MCBC Releases New Report on Mortgage Lending Patterns
In its eighteenth annual report on mortgage lending patterns, the Massachusetts Community & Banking Council (MCBC) confirms a major shift in the mortgages provided to Massachusetts homebuyers. In the wake of the implosion of the subprime mortgage industry, high-cost subprime lending has almost disappeared, while government-backed lending has grown dramatically.
Changing Patterns XVIII: Mortgage Lending to Traditionally Underserved Borrowers & Neighborhoods in Boston, Greater Boston and Massachusetts, 2010, provides analyses of lending patterns in the city of Boston, Greater Boston and Massachusetts in 2010, as well as for each of its thirty-three largest cities and towns. The report was prepared for MCBC by Jim Campen, professor emeritus of economics at UMass Boston and longtime MAHA board member. Click here for the full report.

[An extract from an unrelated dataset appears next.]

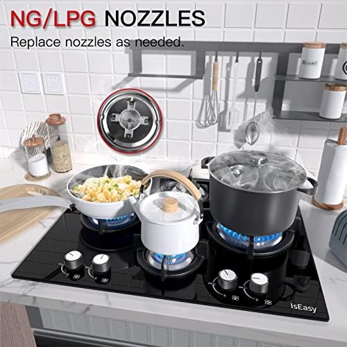 Placa de gas, encimera con 4 fuegos, cocina empotrada, gas natural/propano

Among the many important findings in the report - total home-purchase lending to blacks and Latinos was highly concentrated in a small number of the state’s cities and towns, and entirely absent in others. Just four cities (Boston, Brockton, Springfield and Worcester) accounted for over one-half of total loans to blacks in Massachusetts, but for only 11% of the state’s total loans to whites. Eight communities (Lawrence, Boston, Springfield, Lynn, Revere, Worcester, Chelsea and Metheun) accounted for over one-half of all lending to Latinos in the state, but for just 12% of total lending to whites. In 123 communities – over one-third of the state’s 351 cities and towns – there was not a single loan to either a black or a Latino homebuyer.